● **The task**
For this exercise, copy exactly the lines below from the one with "Tout au long" through the one with "Kątomierz Limit 25500109" and leave out the pictures.

● **Data extract**
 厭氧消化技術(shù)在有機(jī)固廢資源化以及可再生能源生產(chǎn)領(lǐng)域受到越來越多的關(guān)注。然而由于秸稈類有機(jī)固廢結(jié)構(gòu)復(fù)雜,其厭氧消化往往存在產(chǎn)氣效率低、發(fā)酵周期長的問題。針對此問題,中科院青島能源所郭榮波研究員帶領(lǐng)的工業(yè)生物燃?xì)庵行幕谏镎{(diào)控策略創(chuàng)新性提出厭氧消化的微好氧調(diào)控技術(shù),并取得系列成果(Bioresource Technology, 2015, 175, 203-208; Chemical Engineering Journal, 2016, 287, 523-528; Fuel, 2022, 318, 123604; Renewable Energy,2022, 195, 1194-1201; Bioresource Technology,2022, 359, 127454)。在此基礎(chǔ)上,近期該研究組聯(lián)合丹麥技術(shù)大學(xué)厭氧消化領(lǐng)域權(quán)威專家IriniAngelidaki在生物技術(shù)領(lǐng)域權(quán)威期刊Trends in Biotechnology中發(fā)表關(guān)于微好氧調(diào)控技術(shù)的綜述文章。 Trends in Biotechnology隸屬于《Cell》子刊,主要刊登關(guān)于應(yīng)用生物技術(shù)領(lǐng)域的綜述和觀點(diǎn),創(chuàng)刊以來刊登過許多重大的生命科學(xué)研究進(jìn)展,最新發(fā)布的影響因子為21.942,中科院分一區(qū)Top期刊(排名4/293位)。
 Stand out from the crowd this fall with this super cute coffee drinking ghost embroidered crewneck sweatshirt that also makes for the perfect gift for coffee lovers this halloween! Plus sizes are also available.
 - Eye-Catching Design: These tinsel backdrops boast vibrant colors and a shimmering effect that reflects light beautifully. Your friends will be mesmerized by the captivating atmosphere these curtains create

---

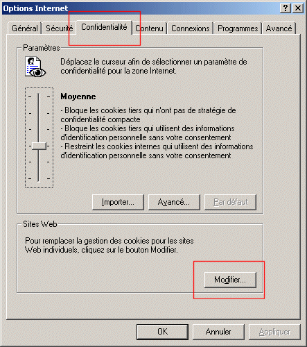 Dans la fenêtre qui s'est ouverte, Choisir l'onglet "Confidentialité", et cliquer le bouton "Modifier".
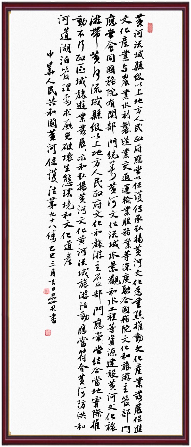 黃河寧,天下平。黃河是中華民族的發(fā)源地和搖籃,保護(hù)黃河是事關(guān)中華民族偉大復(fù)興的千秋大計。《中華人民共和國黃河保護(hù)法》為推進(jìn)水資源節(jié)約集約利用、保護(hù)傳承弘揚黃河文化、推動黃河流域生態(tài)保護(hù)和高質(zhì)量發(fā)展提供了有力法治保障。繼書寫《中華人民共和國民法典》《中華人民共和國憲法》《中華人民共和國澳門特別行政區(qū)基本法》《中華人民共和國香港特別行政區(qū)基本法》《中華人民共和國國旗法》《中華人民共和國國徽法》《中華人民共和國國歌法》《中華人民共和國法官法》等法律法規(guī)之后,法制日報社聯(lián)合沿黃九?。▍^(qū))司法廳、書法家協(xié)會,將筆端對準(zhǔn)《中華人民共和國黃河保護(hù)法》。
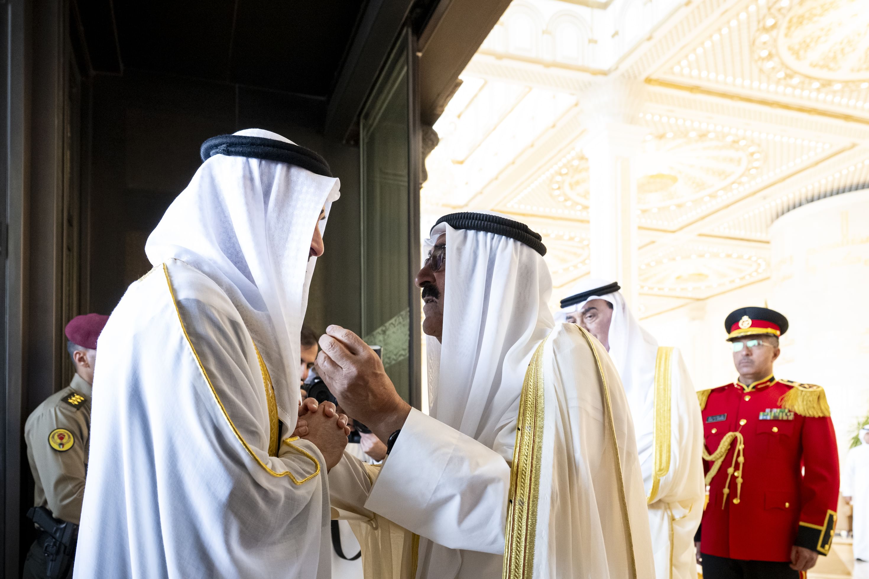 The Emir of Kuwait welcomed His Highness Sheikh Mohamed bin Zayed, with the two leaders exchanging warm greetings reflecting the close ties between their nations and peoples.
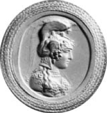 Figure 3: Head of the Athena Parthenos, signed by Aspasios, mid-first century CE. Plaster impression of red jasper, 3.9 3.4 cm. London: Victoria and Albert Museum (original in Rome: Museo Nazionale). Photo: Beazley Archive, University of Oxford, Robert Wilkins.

==

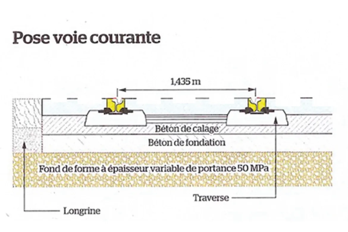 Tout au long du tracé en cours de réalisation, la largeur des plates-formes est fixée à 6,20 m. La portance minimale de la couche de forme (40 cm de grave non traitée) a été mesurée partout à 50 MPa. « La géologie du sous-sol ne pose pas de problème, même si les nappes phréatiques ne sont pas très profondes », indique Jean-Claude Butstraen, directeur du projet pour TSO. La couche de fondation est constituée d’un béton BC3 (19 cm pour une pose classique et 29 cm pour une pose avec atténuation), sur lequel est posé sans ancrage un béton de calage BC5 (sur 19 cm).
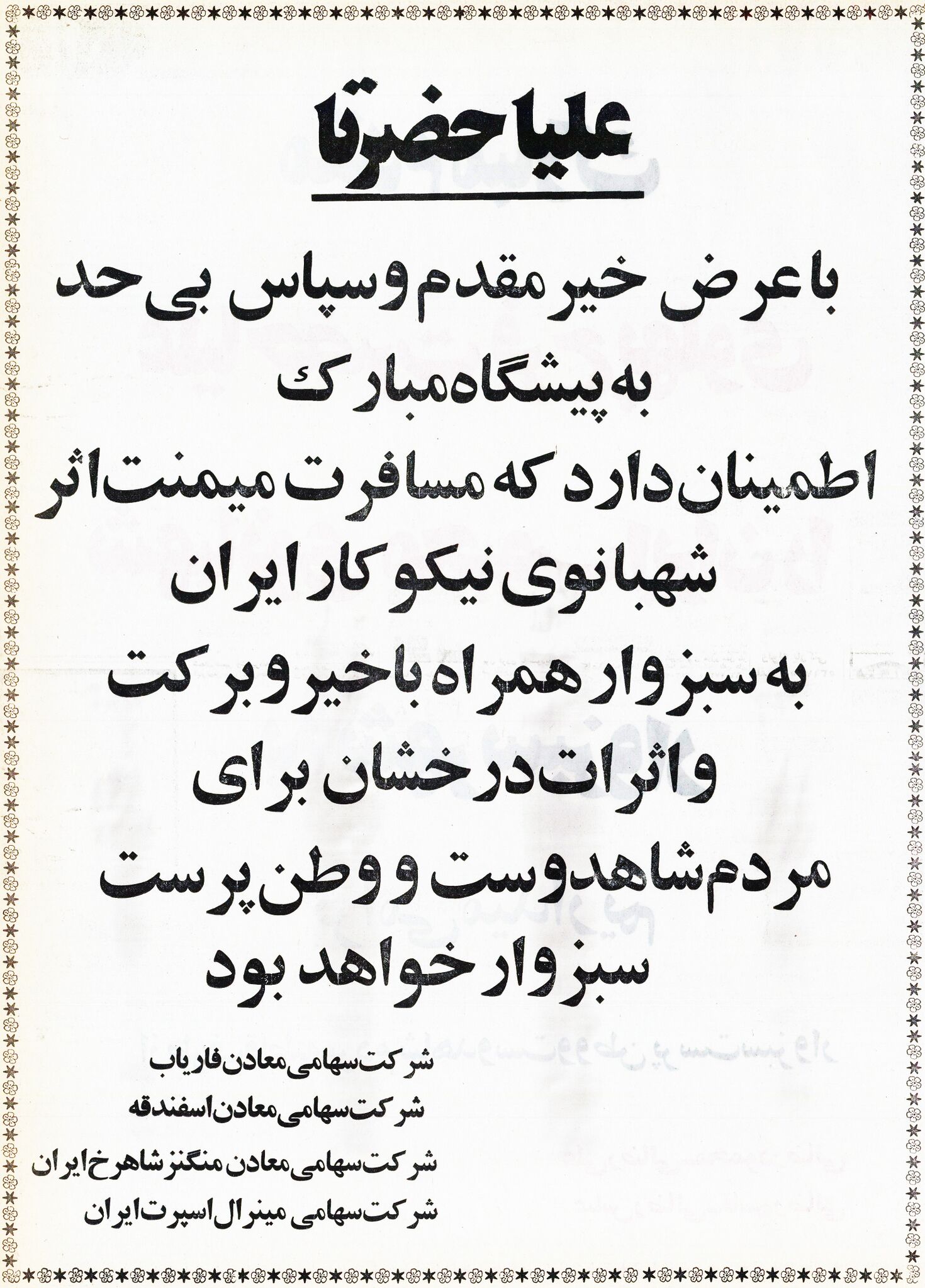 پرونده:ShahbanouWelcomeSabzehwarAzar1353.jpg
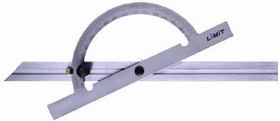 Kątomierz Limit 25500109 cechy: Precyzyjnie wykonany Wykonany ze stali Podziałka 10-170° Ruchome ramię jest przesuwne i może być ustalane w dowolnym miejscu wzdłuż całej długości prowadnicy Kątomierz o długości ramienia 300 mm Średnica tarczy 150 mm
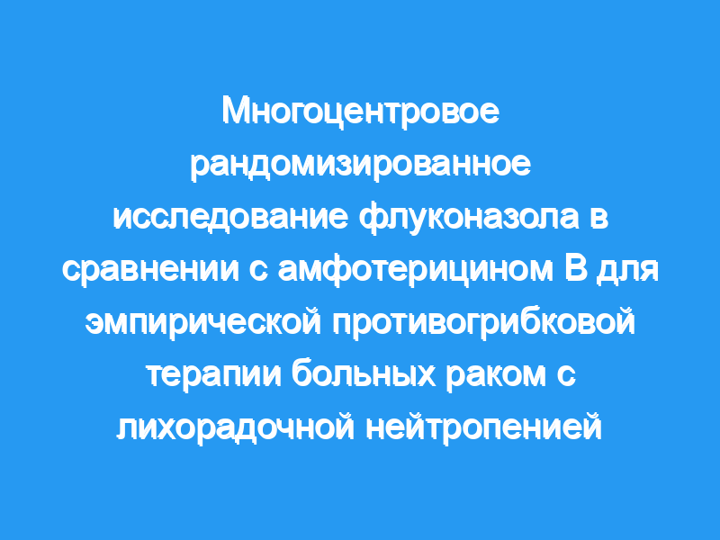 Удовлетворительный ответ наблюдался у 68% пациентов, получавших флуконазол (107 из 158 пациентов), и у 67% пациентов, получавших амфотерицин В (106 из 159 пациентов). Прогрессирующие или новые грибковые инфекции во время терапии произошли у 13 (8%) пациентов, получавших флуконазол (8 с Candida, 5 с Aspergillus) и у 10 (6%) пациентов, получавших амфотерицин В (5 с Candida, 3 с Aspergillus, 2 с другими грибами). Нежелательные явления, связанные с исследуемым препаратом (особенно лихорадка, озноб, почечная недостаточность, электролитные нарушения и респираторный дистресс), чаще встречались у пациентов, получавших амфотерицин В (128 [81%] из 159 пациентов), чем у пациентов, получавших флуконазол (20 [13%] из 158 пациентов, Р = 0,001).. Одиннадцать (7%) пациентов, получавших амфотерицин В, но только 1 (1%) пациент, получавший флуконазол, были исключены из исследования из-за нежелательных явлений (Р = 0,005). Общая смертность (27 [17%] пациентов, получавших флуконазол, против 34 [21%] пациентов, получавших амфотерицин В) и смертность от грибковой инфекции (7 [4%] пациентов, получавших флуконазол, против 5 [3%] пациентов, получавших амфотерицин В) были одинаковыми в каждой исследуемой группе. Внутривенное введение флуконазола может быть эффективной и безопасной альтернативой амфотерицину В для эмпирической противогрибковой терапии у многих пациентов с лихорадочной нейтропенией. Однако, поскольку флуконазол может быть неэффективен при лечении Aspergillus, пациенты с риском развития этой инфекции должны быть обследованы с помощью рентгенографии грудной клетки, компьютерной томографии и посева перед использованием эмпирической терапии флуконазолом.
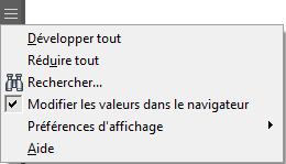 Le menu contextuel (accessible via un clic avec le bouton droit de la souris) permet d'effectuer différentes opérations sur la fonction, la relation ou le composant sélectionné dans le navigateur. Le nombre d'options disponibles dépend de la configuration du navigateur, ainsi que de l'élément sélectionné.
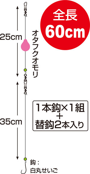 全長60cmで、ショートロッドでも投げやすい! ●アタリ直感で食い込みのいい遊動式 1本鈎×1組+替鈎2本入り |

● **Response**
 Tout au long du tracé en cours de réalisation, la largeur des plates-formes est fixée à 6,20 m. La portance minimale de la couche de forme (40 cm de grave non traitée) a été mesurée partout à 50 MPa. « La géologie du sous-sol ne pose pas de problème, même si les nappes phréatiques ne sont pas très profondes », indique Jean-Claude Butstraen, directeur du projet pour TSO. La couche de fondation est constituée d’un béton BC3 (19 cm pour une pose classique et 29 cm pour une pose avec atténuation), sur lequel est posé sans ancrage un béton de calage BC5 (sur 19 cm).
 پرونده:ShahbanouWelcomeSabzehwarAzar1353.jpg
 Kątomierz Limit 25500109 cechy: Precyzyjnie wykonany Wykonany ze stali Podziałka 10-170° Ruchome ramię jest przesuwne i może być ustalane w dowolnym miejscu wzdłuż całej długości prowadnicy Kątomierz o długości ramienia 300 mm Średnica tarczy 150 mm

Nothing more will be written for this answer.